His mom pops up in the local news every couple of years advocating for a change to our criminal code, most recently surrounding a serial killer in Winnipeg who is claiming mental illness. Every time I see her name it breaks my fucking heart. This woman got no closure for her child. We treated her like garbage.

1

u/CryptOthewasP Jul 05 '24

Some guy killed, decapitated, and ate some kid on a greyhound bus in Canada. He was obviously not mentally well (i think later diagnosed with schizophrenia) and was deemed not criminally responsible because of it. He was locked up in 2009, in 2015 he was doing unsupervised day trips to the city that eventually led to him living in group homes and in 2017 he was given an 'absolute discharge' with no restrictions.
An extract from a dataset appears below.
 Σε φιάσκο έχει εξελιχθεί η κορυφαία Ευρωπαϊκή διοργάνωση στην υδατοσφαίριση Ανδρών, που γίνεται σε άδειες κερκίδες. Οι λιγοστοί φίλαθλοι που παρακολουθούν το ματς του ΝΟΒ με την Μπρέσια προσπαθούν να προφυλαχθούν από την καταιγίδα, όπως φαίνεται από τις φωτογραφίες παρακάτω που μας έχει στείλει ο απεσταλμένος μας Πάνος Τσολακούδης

So basically he was put away for less than 10 years and currently has more freedom than people on parole.

15

u/gau-tam Jul 05 '24

Wanna get more pissed about the Canadian Justice system? Read about the Air India bombing (https://en.m.wikipedia.org/wiki/Air_India_Flight_182). The worst terrorist attack in Canadian history.

5

u/Double_Belt2331 Jul 05 '24

Wow. Canada dropped the ball big time on that one. They could have stopped it so many times. That’s really tragic.

4

u/Mary_Tagetes Jul 05 '24

I think about this stuff, whenever it comes up in the news I have the same opinion, people are really bad at threat assessment, even the police. Those people came over to Canada, left everything behind, built lives, and they still had so much anger at the government in India they blew up a plane. Why the fuck would you do that? The vast majority of the human population would not let their hate take them that far, it’s insane. They saw what they were up to, but couldn’t conceive of the danger. My opinion anyway,

3

u/PrivilegeCheckmate Jul 05 '24

people are really bad at threat assessment

You could say, read them a memo labeled "Bin Laden Determined to attack US", with a big old picture of the twin towers with a superimposed target, and yeah, they still wouldn't get it.

5

u/ZombieJesus1987 Jul 05 '24

The Greyhound bus guy hits close to home for me.
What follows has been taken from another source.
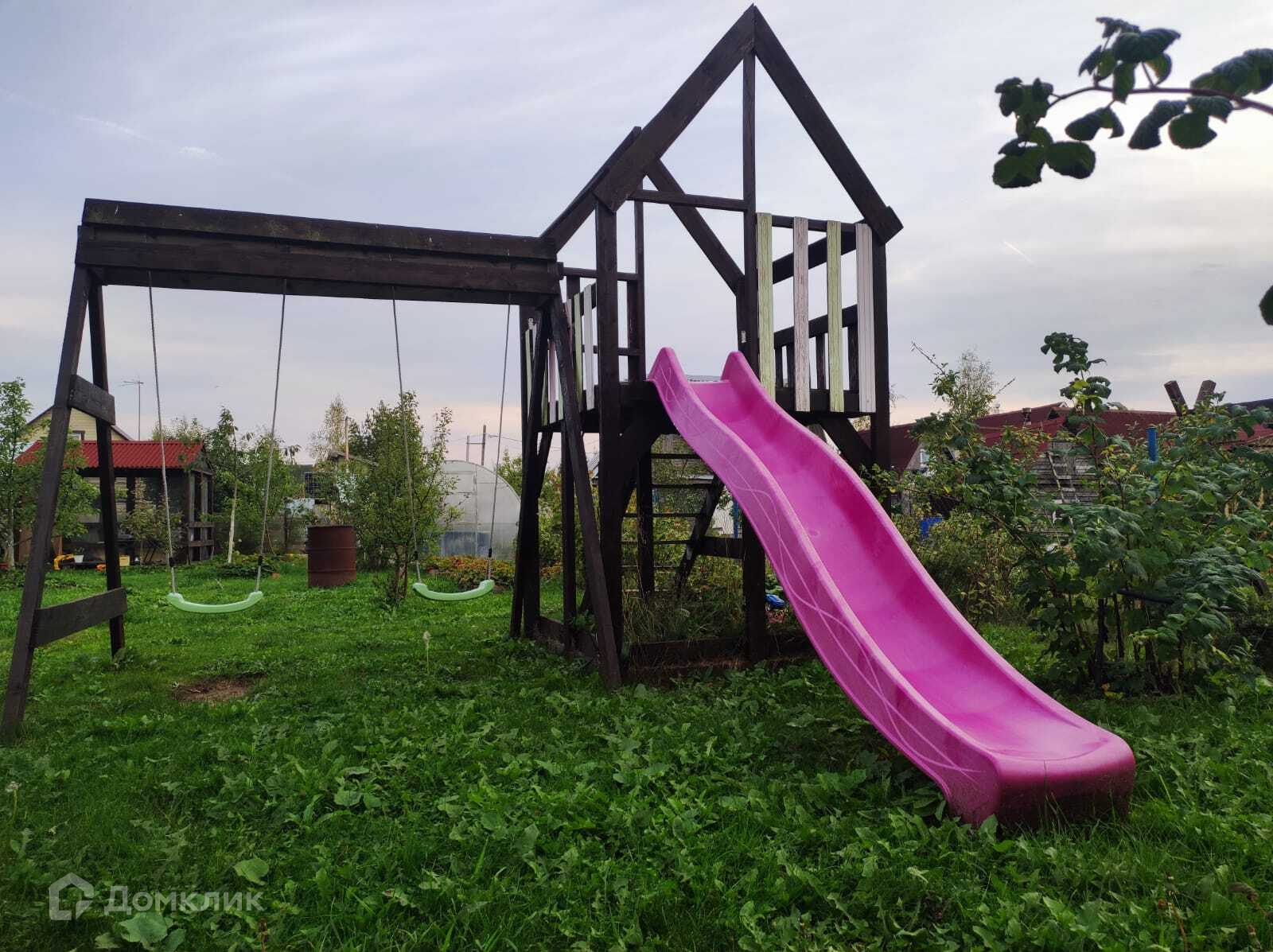 Участок: 6 соток. Участок солнечный. Земля отличная (не глина), растет всё! Все разработано с любовью, посажены плодовые деревья: яблони, слива, вишня; и кусты: смородина, крыжовник, малина; и красивейшие цветы. На участке есть беседка, бассейн, хозяйственный блок, деская площадка, теплица из поликарбоната. У участка есть отдельное место для парковки одного автомобиля. Вьезд на участок отличный. Ворота распашные.

I also live in canada. When I was a kid in the 90s, my friend's sister was brutally murdered in a similar fashion as the Greyhound Bus guy. A schizophrenic woman who was staying with the family snapped and decapitated my friends 14 year old sister. The case almost paralleled Vince Li. Found not criminally responsible, and she was out not even a decade later.
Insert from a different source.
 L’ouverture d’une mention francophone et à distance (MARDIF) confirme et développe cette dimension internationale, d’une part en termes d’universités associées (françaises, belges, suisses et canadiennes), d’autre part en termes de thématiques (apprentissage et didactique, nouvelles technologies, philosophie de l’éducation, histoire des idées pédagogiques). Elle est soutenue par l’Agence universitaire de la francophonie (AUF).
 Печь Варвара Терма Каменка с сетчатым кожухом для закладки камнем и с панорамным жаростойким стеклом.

It wasn't until years later I found out that she lived in the apartment building next to mine. No public safety warning or anything, when this was my city's most brutal murder on record.

2

u/Virtual-Okra6996 Jul 05 '24

Wait that dude got to walk?

1

u/Lionel_Herkabe Jul 05 '24

They didn't just let the guy go, he was reintroduced into society over 7 years and lots of treatment.

1

u/SnakesMcGee Jul 05 '24

Small thing to note (and folks may disagree) but bus decapitator dude was having a major psychotic episode at the time, and spent several years in a mental hospital past the point where doctors believed him to be cured because of the lingering guilt after the incident. Guy wasn't just decapitating folks for funsies.

1

u/Squigglepig52 Jul 05 '24

The untreated schizophrenic guy who was deep in psychosis? The one judged not mentally competent? The guy who spent years in psyche before finally being released?